In the two months since Martin Luther King Jr./Drew Medical Center shut its trauma unit, there have been no deaths or cases of serious harm that have clearly resulted from the closure, paramedics, hospitals and county health officials say.
Dr. Marc Eckstein, medical director of the Los Angeles City Fire Department, said paramedics would be quick to raise the alarm if patients were dying.
"If they have a patient they felt was salvageable, their emotions become very vocal, and we'd hear about it. I have not heard of it," Eckstein said.
The Rev. Frederick O. Murph, senior minister at Brookins Community AME Church, warned last fall that the city's black communities would "explode" if the trauma center were closed. Now he says not enough time has elapsed to know for sure whether the closure has harmed patients.
"It's only been two months," he said. "As time goes on, I think you're going to hear about lawsuits from families that have lost loved ones due to the amount of time it took to get them there."
Murph was one of many who predicted disaster before the county Board of Supervisors voted in November to close the trauma center. Before the closure was completed March 1, the unit served about 1,800 patients a year in the part of the county with the highest rates of shootings and homicides.
During heated debate last fall, community members, politicians, Los Angeles Fire Chief William Bamattre and some medical professionals warned that the county's fragile trauma network would collapse and patients would die because of longer transport times.
Officials now cite two main reasons those dire predictions apparently have not come true: Neighboring hospitals have filled the need for trauma care, and trauma is down citywide, although not in the areas surrounding King/Drew.
The number of trauma cases typically increases substantially during summer, when people drive more, children are out of school and tempers rise with the temperature, health officials said. They warn that a final verdict on the trauma system won't be available until the summer months are past.
"We may have a false sense of security to say the system can handle it," Eckstein said.
"Right now it's working, but trauma is down and it's a seasonal lull," he added.
Closing the King/Drew trauma center has meant that some patients spend more time in the ambulance going to an emergency room.

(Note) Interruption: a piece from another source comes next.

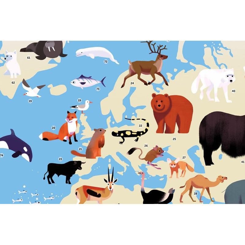 Con este póster, los niños se entusiasman con los animales. Pegan las pegatinas en el mapamundi y descubren los animales emblemáticos de todos los continentes. Crean un póster precioso para la habitación.

But because California Hospital Medical Center, just south of downtown Los Angeles, opened a trauma center in December, other patients now have a shorter ride.
Those who used to go to King/Drew's trauma center now go to California Hospital or the St. Francis or Harbor-UCLA medical centers, which all received additional county money.

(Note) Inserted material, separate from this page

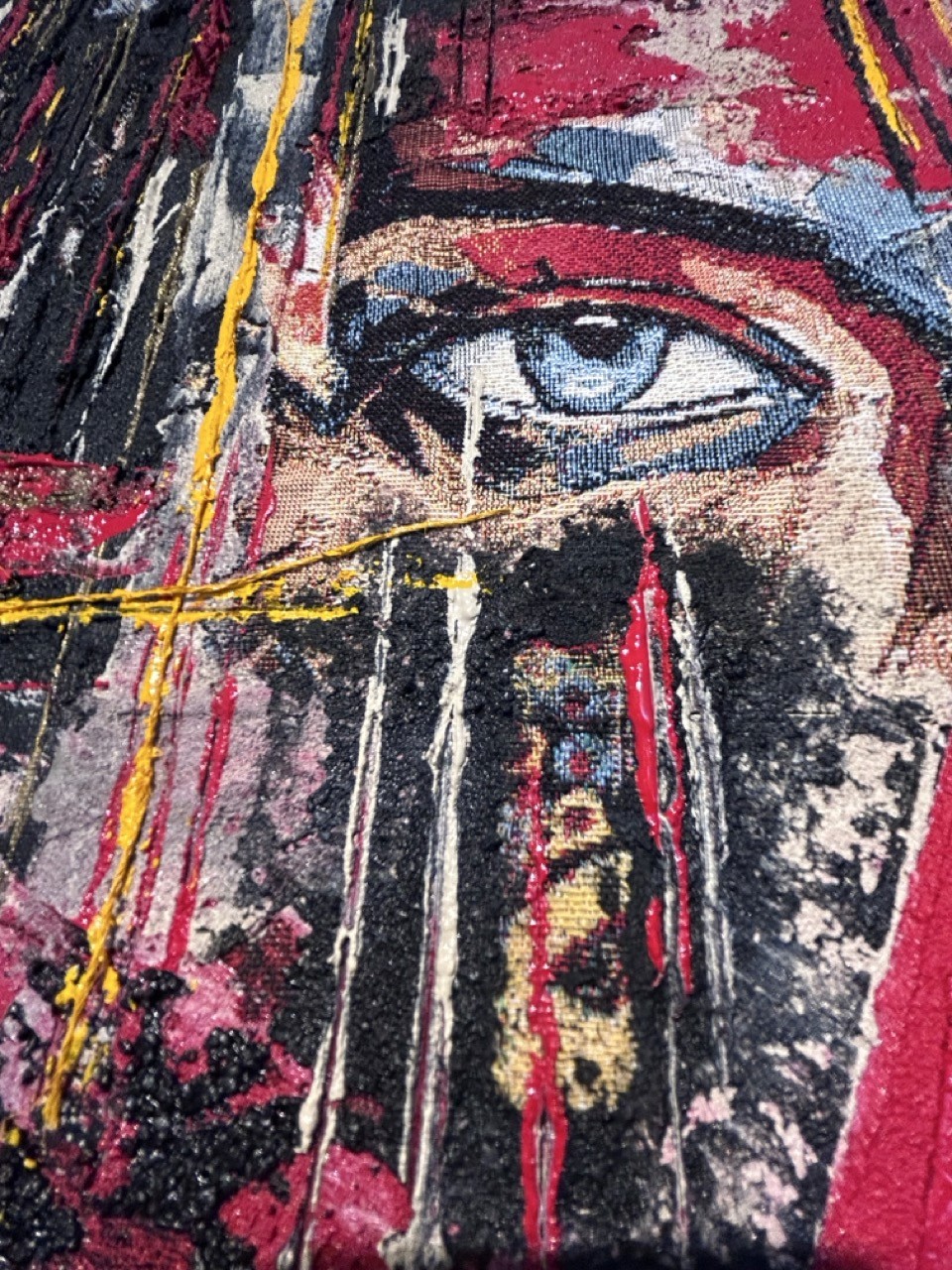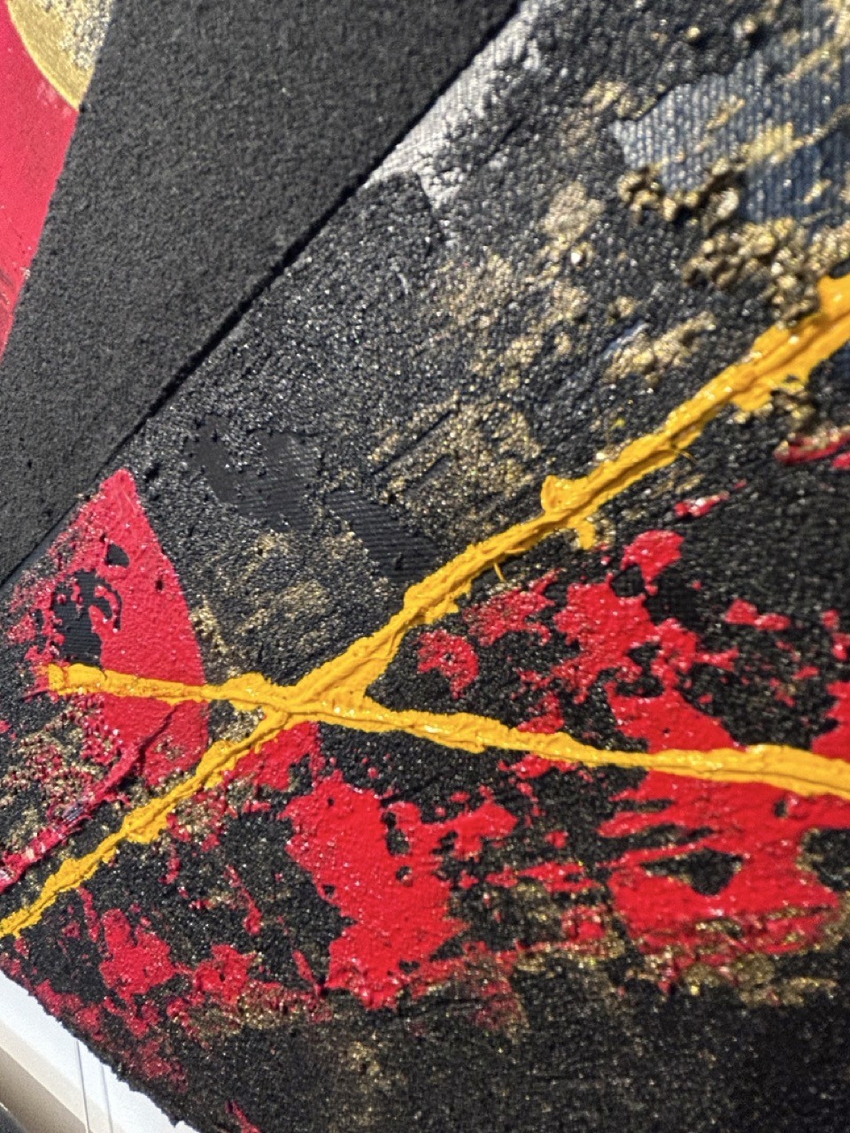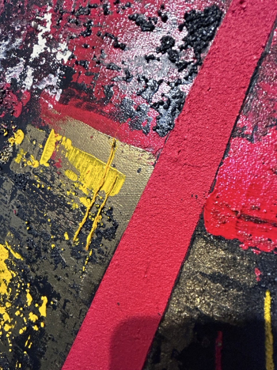Les couleurs dominantes — doré, noir et rouge — créent une atmosphère à la fois noble, dramatique et incandescente. Le doré évoque une lumière intérieure, un éclat d'espoir ou de transcendance. Le noir, lui, renvoie à l'ombre, au doute, à l'inconnu. Quant au rouge, il pulse comme un cœur battant, chargé de passion, de douleur ou d'énergie vitale. Ces teintes expriment ensemble une intensité émotionnelle profonde, à la fois spirituelle et charnelle.

In March of last year, 142 trauma patients were treated by King/Drew's trauma unit. County officials said that since the closure this March, 13 patients with major injuries have been dropped off at the hospital -- most by family or friends -- and were treated at King/Drew's emergency room, which remains open. California Hospital's trauma unit saw 164 trauma patients in March, only some of whom would have gone to King/Drew.
Comprehensive data on how the closure has changed the time spent transporting patients to hospitals will not be available for several months.
Preliminary figures from paramedics and hospital officials suggest that transport times in some areas have grown by 10 to 15 minutes.
Even with those increases, trauma patients in South Los Angeles are arriving well within the half-hour drive time required by county policies, said Carol Meyer, director of the county's Emergency Medical Services Agency.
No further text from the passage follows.